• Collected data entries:
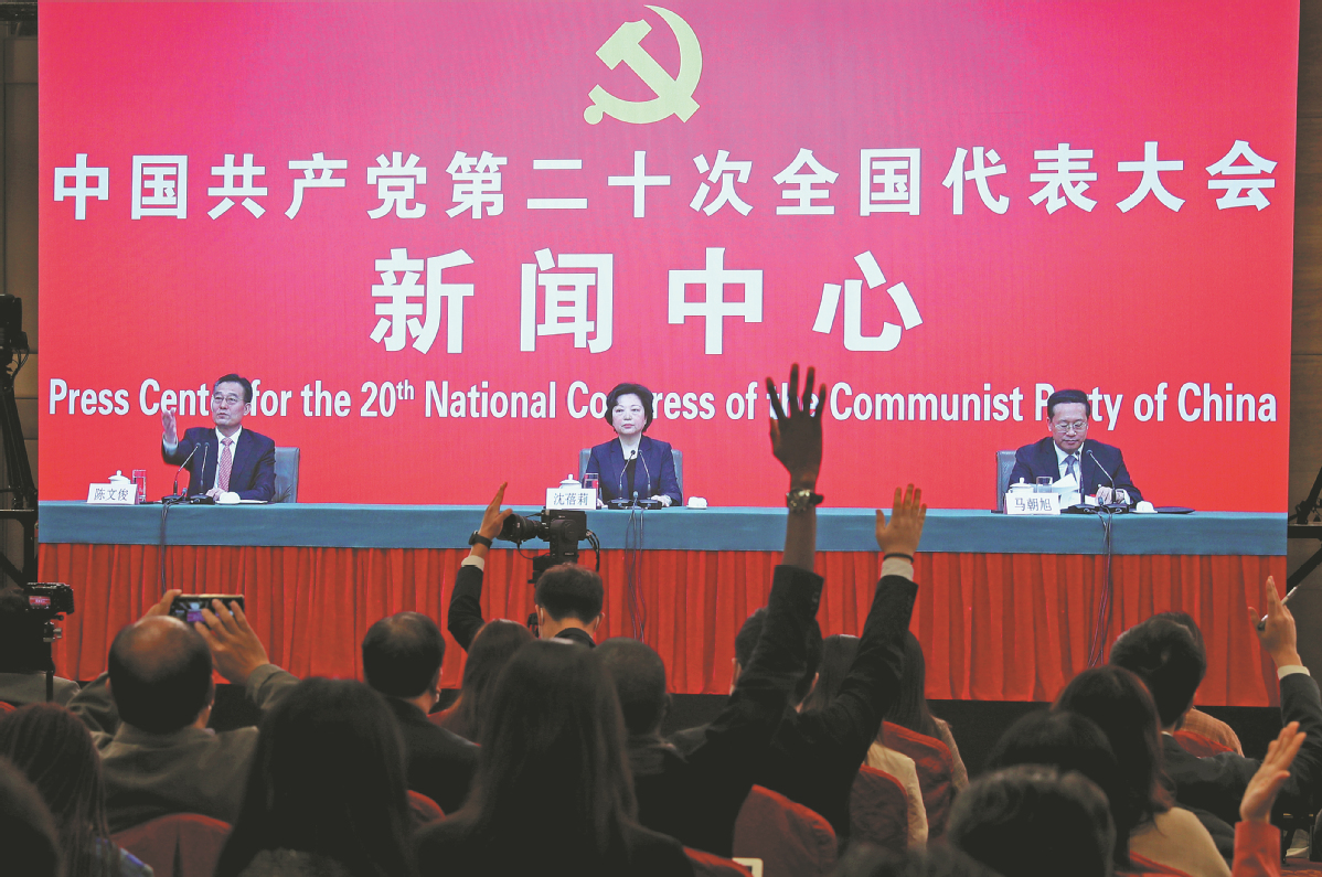 Journalists raise their hands to ask questions via video link at a news conference in Beijing on Thursday on China's diplomacy held on the sidelines of the 20th National Congress of the Communist Party of China. [Photo by WANG ZHUANGFEI/CHINA DAILY]
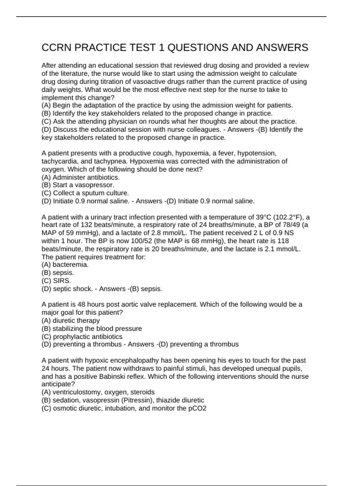 CCRN PRACTICE TEST 1 QUESTIONS AND ANSWERS
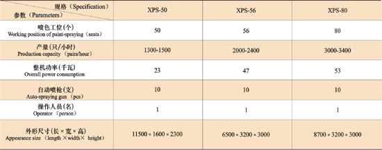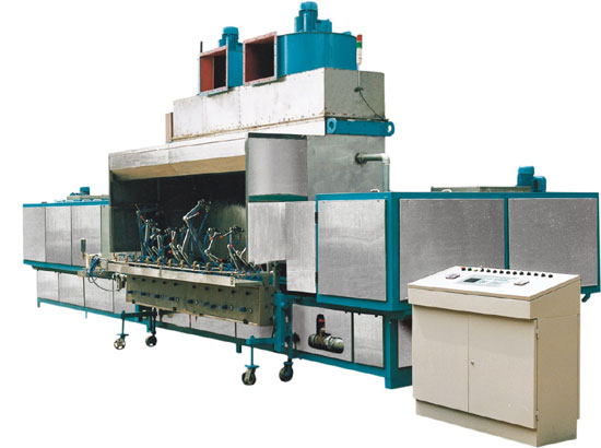 由加热器、风机等构成的烘道系统,其烘道温度可自动控制。喷色件经喷色并通过烘道干燥后,最后能自动从喷色支架上卸下;
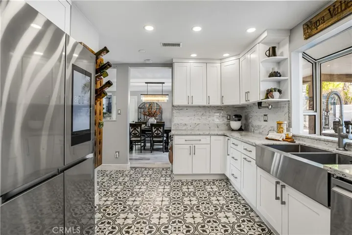 Designed for both comfort and entertaining, the home features a warm, inviting living room with fireplace, a formal dining room with a statement chandelier, and a bright, remodeled kitchen with quartz countertops, stainless steel appliances, recessed lighting, and a bay window overlooking the backyard. Step outside to enjoy the built-in firepit, perfect for gatherings, or relax at the side patio designed to take in Fourth of July fireworks from the comfort of home.
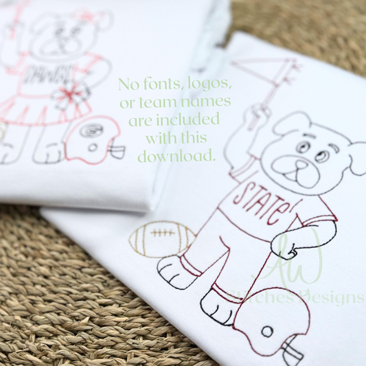 Anchor Football with bow Game Day sketch stitch machine embroidery design file
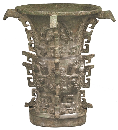 何尊。西周早期的青銅酒器,器型上圓下方,體現古人“天圓地方”的宇宙觀。腹底有銘文12行122字,其中的“宅茲中國”是“中國”一詞最早的文字記載。
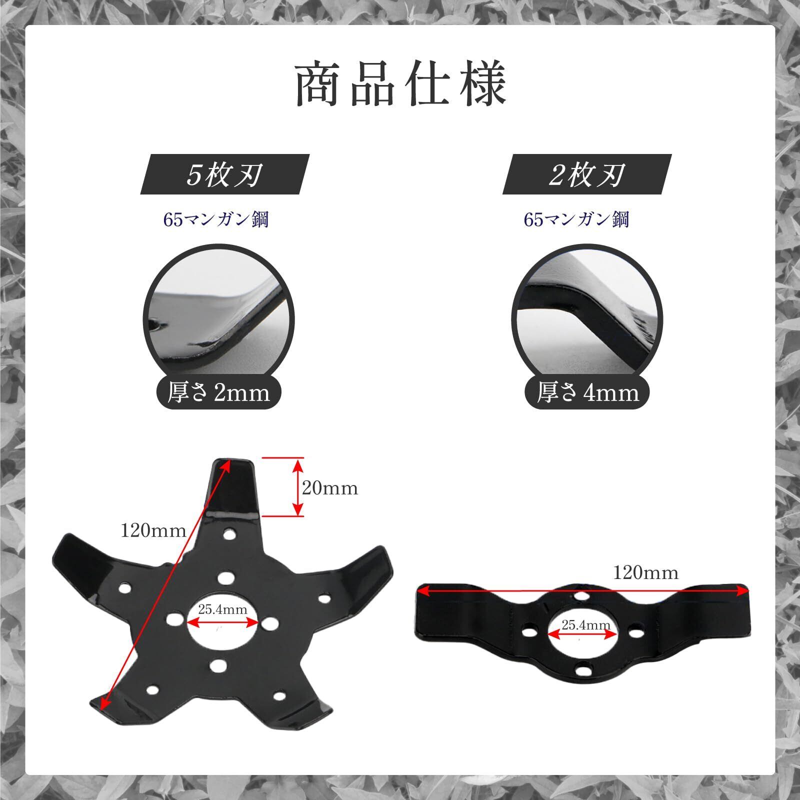 5枚刃ブレードは水田用で、水草を簡単に刈り取りできます。2枚刃ブレードは陸田用で、陸地の雑草を効果的に処理します。
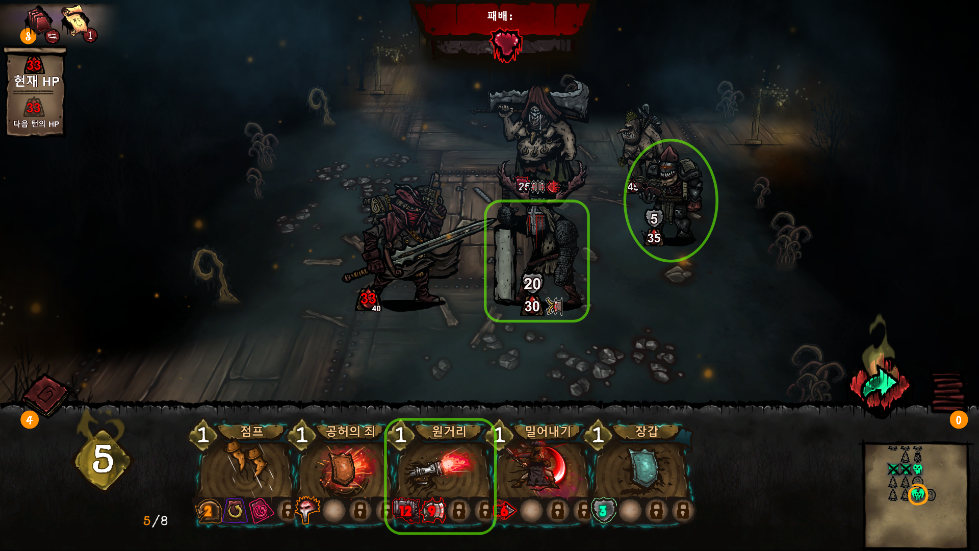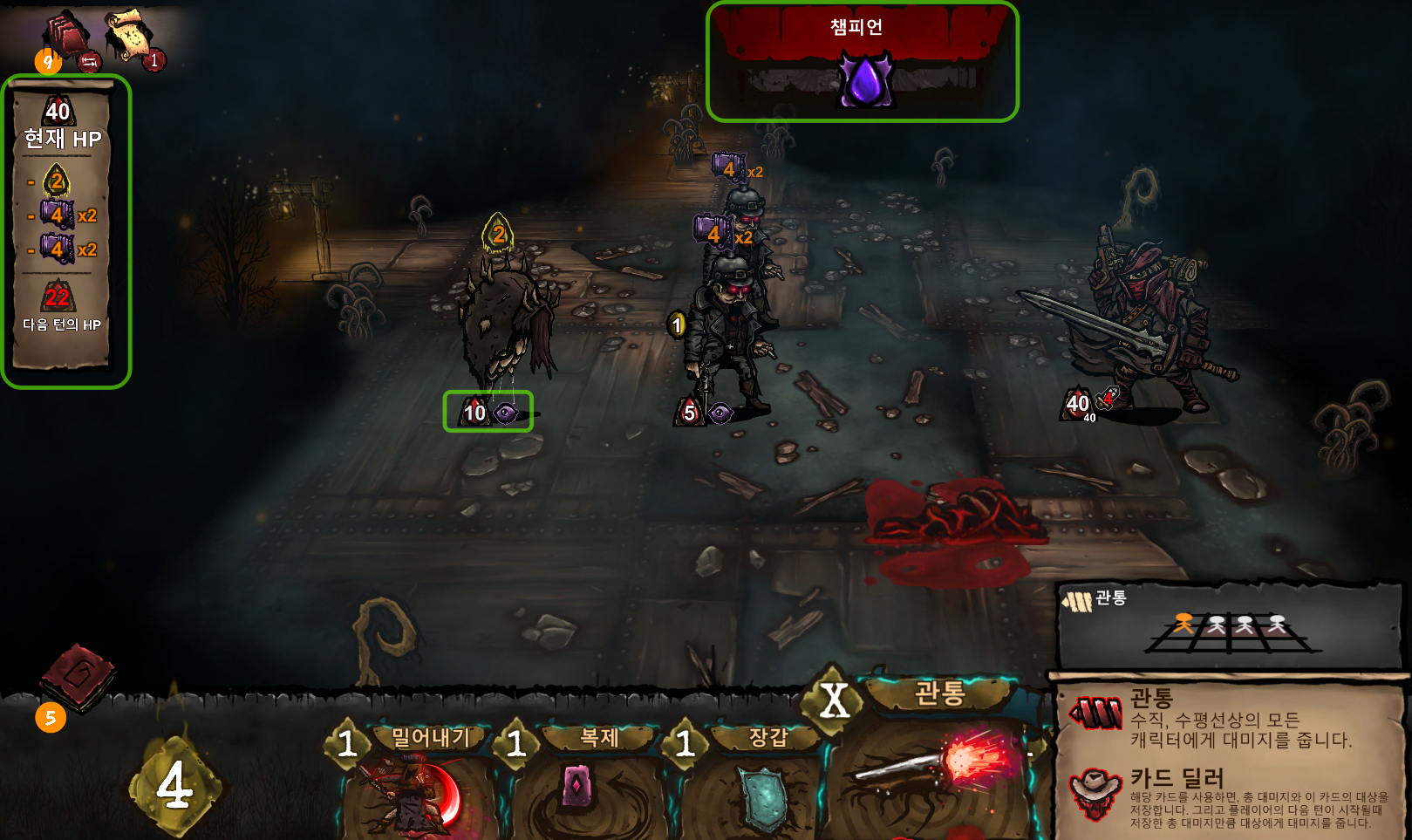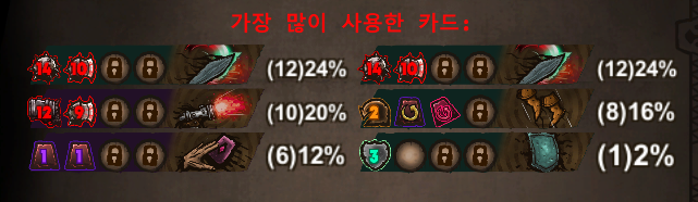 장갑의 경우 1턴만 유지가 되기 때문에 적이 공격이 끝나면 사라지기 다루기 어렵기 때문에 웬만하면 순수 공격 카드 위주로 쓰는 게 편합니다.
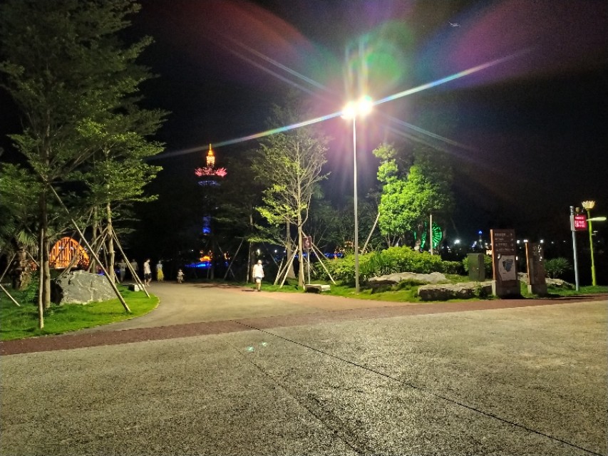 去往园博园观景桥,路灯后面的灯光塔若隐若现,给人巨大的诱惑力,吸引着你前去观赏。
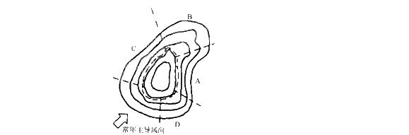 第 86 题 图示为一小山,风在其周围形成迎风区、顺风区、背风区、涡风区、高压风区等小气候区,何处为涡风区?( )
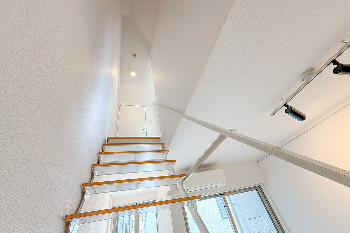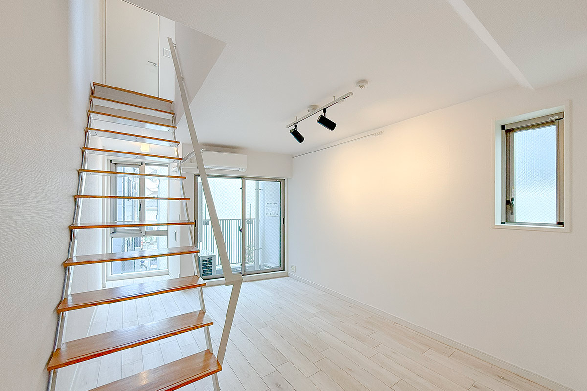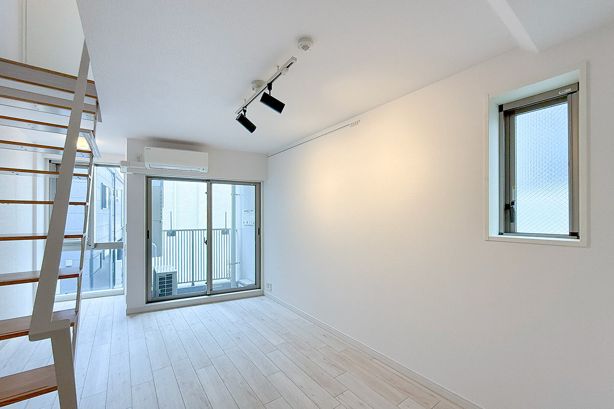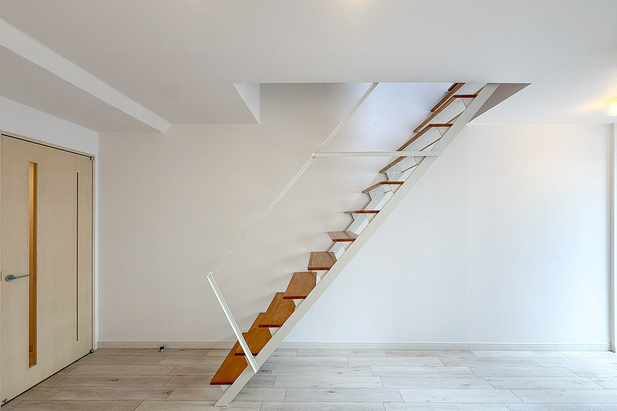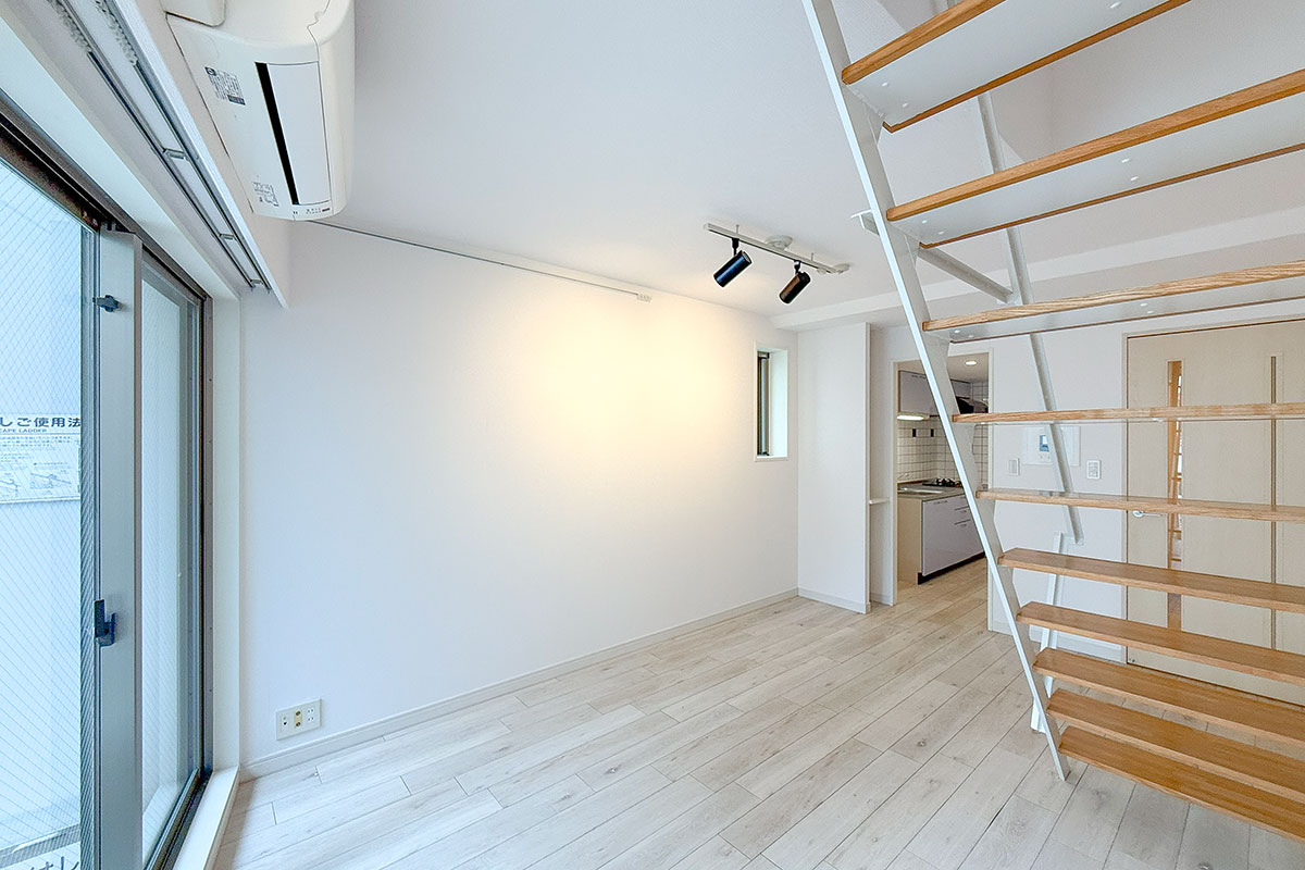 募集中のお部屋は2階の角部屋、約10帖のリビングと約6.9帖の洋室からなるメゾネットタイプ。

• What is required: Reproduce all entries above exactly, minus the images.

• Your response:
 Journalists raise their hands to ask questions via video link at a news conference in Beijing on Thursday on China's diplomacy held on the sidelines of the 20th National Congress of the Communist Party of China. [Photo by WANG ZHUANGFEI/CHINA DAILY]
 CCRN PRACTICE TEST 1 QUESTIONS AND ANSWERS
 由加热器、风机等构成的烘道系统,其烘道温度可自动控制。喷色件经喷色并通过烘道干燥后,最后能自动从喷色支架上卸下;
 Designed for both comfort and entertaining, the home features a warm, inviting living room with fireplace, a formal dining room with a statement chandelier, and a bright, remodeled kitchen with quartz countertops, stainless steel appliances, recessed lighting, and a bay window overlooking the backyard. Step outside to enjoy the built-in firepit, perfect for gatherings, or relax at the side patio designed to take in Fourth of July fireworks from the comfort of home.
 Anchor Football with bow Game Day sketch stitch machine embroidery design file
 何尊。西周早期的青銅酒器,器型上圓下方,體現古人“天圓地方”的宇宙觀。腹底有銘文12行122字,其中的“宅茲中國”是“中國”一詞最早的文字記載。
 5枚刃ブレードは水田用で、水草を簡単に刈り取りできます。2枚刃ブレードは陸田用で、陸地の雑草を効果的に処理します。
 장갑의 경우 1턴만 유지가 되기 때문에 적이 공격이 끝나면 사라지기 다루기 어렵기 때문에 웬만하면 순수 공격 카드 위주로 쓰는 게 편합니다.
 去往园博园观景桥,路灯后面的灯光塔若隐若现,给人巨大的诱惑力,吸引着你前去观赏。
 第 86 题 图示为一小山,风在其周围形成迎风区、顺风区、背风区、涡风区、高压风区等小气候区,何处为涡风区?( )
 募集中のお部屋は2階の角部屋、約10帖のリビングと約6.9帖の洋室からなるメゾネットタイプ。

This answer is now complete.